▸ **Activity**: Set down exactly the lines below between the line holding "今日の給食では、5年生が大切に育てた老田米が出されました。" and the line holding "シオン教会は、2018年に当", inclusive; no other line belongs in the answer.

▸ **Exercise inputs**:
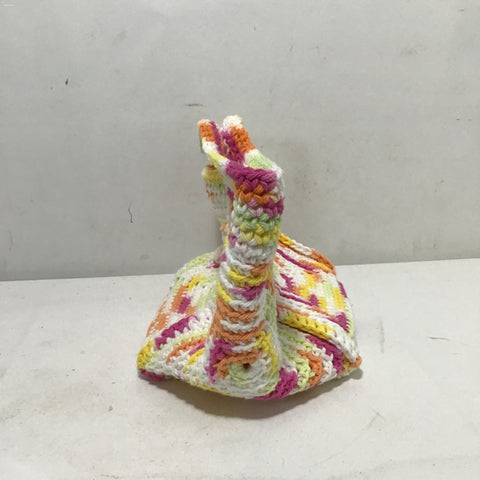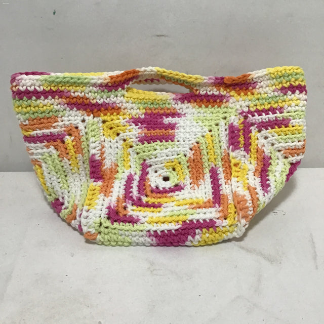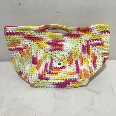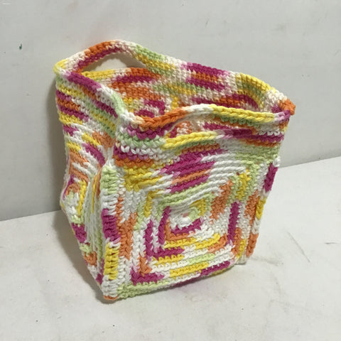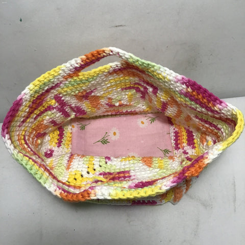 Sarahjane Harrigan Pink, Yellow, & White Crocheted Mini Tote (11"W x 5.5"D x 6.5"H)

==

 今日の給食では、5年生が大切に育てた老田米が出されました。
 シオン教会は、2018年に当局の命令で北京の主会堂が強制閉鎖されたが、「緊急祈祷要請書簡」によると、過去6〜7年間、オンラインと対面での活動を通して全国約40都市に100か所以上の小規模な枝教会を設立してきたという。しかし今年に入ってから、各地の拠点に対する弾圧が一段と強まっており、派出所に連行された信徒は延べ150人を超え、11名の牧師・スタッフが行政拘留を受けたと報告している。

* * *

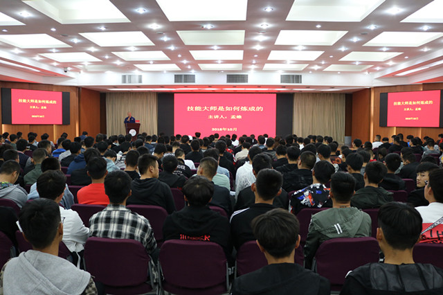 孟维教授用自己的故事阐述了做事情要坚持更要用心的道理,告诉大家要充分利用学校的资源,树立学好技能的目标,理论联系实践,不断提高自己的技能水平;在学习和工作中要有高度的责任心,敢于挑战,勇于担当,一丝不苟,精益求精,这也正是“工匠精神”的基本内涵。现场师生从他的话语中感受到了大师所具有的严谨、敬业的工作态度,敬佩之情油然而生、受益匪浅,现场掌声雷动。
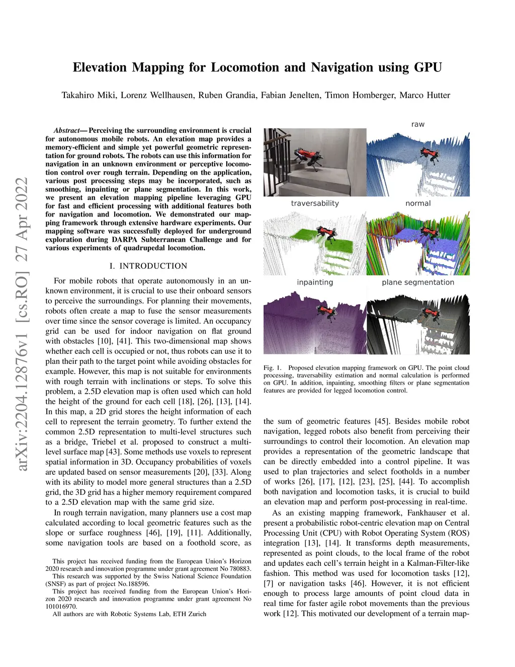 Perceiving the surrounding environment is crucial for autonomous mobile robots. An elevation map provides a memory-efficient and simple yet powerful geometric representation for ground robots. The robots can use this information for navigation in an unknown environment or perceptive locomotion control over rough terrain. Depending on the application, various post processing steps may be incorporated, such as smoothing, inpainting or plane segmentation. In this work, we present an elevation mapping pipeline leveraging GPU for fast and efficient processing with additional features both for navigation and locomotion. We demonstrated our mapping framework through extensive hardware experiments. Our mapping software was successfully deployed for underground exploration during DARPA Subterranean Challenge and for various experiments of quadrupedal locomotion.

▸ **Response to the task**:
 今日の給食では、5年生が大切に育てた老田米が出されました。
 シオン教会は、2018年に当局の命令で北京の主会堂が強制閉鎖されたが、「緊急祈祷要請書簡」によると、過去6〜7年間、オンラインと対面での活動を通して全国約40都市に100か所以上の小規模な枝教会を設立してきたという。しかし今年に入ってから、各地の拠点に対する弾圧が一段と強まっており、派出所に連行された信徒は延べ150人を超え、11名の牧師・スタッフが行政拘留を受けたと報告している。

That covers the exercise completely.